### What you should do
With the images removed, return every line below exactly as it reads.

== Information supplied

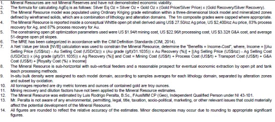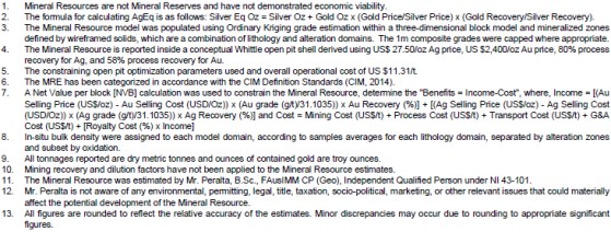 Comments on the Updated MRE. The updated Diablillos MRE reports total (i.e., tank and heap leach) measured resources of 33,218 Ktonnes @ 98 g/t Ag (105,050 Koz contained) and 0.59 g/t Au (634 Koz contained) and indicated resources of 70,686 Ktonnes @ 41 g/t Ag (93,593 Koz contained) and 0.48 g/t Au (1,081 Koz contained). In addition, the updated MRE includes total inferred resources of 19,628 Ktonnes @ 21 g/t Ag (13,427 Koz contained) and 0.38 g/t Au (241 Koz contained).
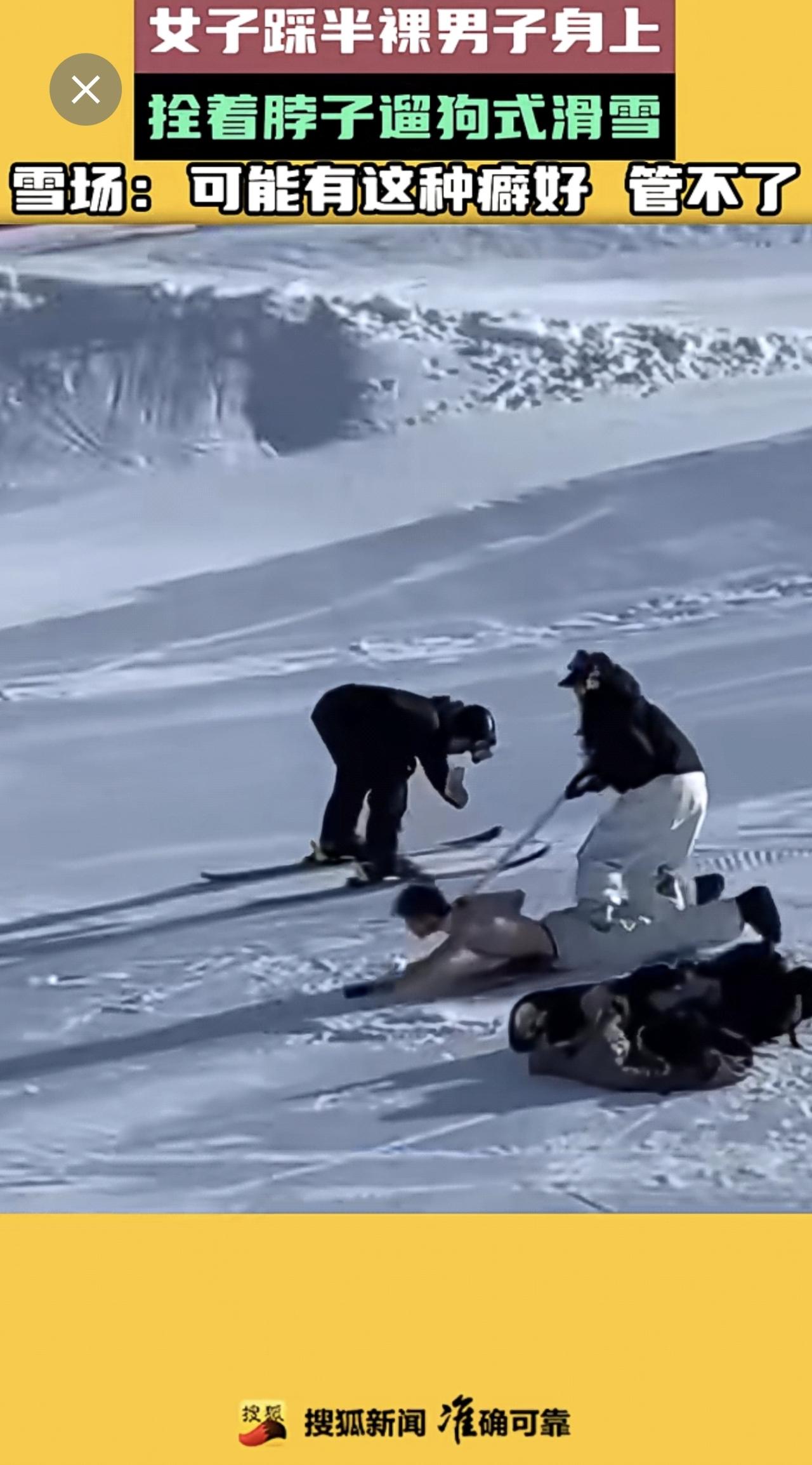 男子半裸被女子拴脖遛狗式滑雪,雪场回应:可能有这种小癖好,管不了。
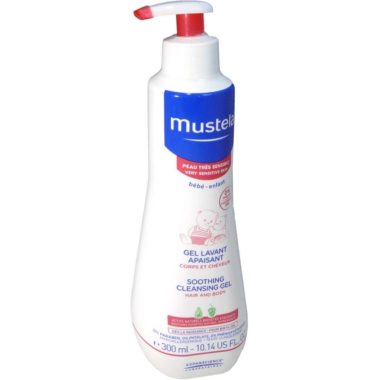 Gel lavant apaisant de MUSTELA discount, le gel très doux dans votre parapharmacie à prix discount, pour nettoyer tout en douceur la peau très sensible et les cheveux de bébé dès la naissance et des jeunes enfants.

====

### Output below
 Comments on the Updated MRE. The updated Diablillos MRE reports total (i.e., tank and heap leach) measured resources of 33,218 Ktonnes @ 98 g/t Ag (105,050 Koz contained) and 0.59 g/t Au (634 Koz contained) and indicated resources of 70,686 Ktonnes @ 41 g/t Ag (93,593 Koz contained) and 0.48 g/t Au (1,081 Koz contained). In addition, the updated MRE includes total inferred resources of 19,628 Ktonnes @ 21 g/t Ag (13,427 Koz contained) and 0.38 g/t Au (241 Koz contained).
 男子半裸被女子拴脖遛狗式滑雪,雪场回应:可能有这种小癖好,管不了。
 Gel lavant apaisant de MUSTELA discount, le gel très doux dans votre parapharmacie à prix discount, pour nettoyer tout en douceur la peau très sensible et les cheveux de bébé dès la naissance et des jeunes enfants.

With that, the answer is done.